» EXERCISE DESCRIPTION: Your copy should start at the line with "- Полировка фар" and end at the line with "An advantage of" in the data below. Transcribe only those lines, exactly, pictures excluded.
EXERCISE MATERIAL Block Start
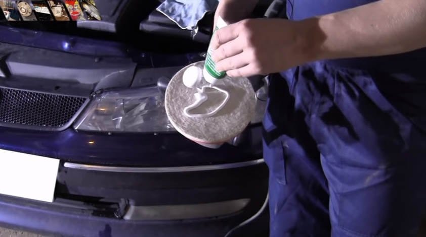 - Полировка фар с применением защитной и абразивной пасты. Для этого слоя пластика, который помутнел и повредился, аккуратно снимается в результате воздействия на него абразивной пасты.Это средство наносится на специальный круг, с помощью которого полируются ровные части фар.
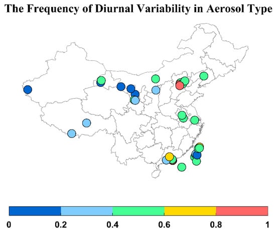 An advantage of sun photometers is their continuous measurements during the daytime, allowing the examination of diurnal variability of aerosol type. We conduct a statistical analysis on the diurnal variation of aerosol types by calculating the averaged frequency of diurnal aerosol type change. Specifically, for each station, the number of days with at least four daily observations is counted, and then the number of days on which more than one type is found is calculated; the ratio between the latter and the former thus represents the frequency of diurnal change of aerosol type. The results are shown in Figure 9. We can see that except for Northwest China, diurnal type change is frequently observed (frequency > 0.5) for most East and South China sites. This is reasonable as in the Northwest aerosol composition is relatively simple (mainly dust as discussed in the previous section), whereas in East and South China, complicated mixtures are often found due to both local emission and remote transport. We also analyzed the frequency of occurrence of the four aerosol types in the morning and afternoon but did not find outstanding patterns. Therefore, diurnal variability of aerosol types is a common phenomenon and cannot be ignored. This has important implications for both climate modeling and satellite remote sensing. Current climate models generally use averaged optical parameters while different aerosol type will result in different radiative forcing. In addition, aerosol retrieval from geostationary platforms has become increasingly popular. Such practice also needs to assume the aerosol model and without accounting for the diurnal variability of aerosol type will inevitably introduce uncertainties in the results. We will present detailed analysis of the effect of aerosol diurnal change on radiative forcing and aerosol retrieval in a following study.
EXERCISE MATERIAL Block End
EXERCISE MATERIAL Block Start
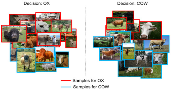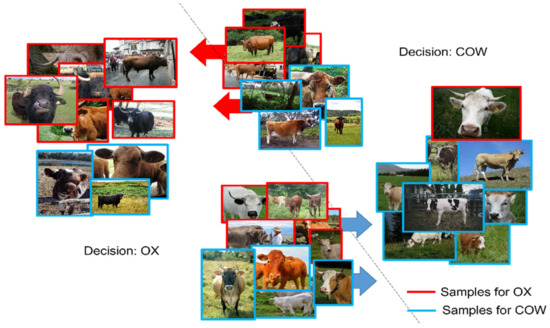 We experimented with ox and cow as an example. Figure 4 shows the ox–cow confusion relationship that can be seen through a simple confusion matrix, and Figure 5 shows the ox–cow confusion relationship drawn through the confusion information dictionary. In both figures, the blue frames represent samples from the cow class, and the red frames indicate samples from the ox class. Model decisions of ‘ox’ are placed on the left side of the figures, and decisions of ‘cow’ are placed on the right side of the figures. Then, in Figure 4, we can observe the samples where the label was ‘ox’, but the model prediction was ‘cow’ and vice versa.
EXERCISE MATERIAL Block End
» THE COMPLETED TASK:
 - Полировка фар с применением защитной и абразивной пасты. Для этого слоя пластика, который помутнел и повредился, аккуратно снимается в результате воздействия на него абразивной пасты.Это средство наносится на специальный круг, с помощью которого полируются ровные части фар.
 An advantage of sun photometers is their continuous measurements during the daytime, allowing the examination of diurnal variability of aerosol type. We conduct a statistical analysis on the diurnal variation of aerosol types by calculating the averaged frequency of diurnal aerosol type change. Specifically, for each station, the number of days with at least four daily observations is counted, and then the number of days on which more than one type is found is calculated; the ratio between the latter and the former thus represents the frequency of diurnal change of aerosol type. The results are shown in Figure 9. We can see that except for Northwest China, diurnal type change is frequently observed (frequency > 0.5) for most East and South China sites. This is reasonable as in the Northwest aerosol composition is relatively simple (mainly dust as discussed in the previous section), whereas in East and South China, complicated mixtures are often found due to both local emission and remote transport. We also analyzed the frequency of occurrence of the four aerosol types in the morning and afternoon but did not find outstanding patterns. Therefore, diurnal variability of aerosol types is a common phenomenon and cannot be ignored. This has important implications for both climate modeling and satellite remote sensing. Current climate models generally use averaged optical parameters while different aerosol type will result in different radiative forcing. In addition, aerosol retrieval from geostationary platforms has become increasingly popular. Such practice also needs to assume the aerosol model and without accounting for the diurnal variability of aerosol type will inevitably introduce uncertainties in the results. We will present detailed analysis of the effect of aerosol diurnal change on radiative forcing and aerosol retrieval in a following study.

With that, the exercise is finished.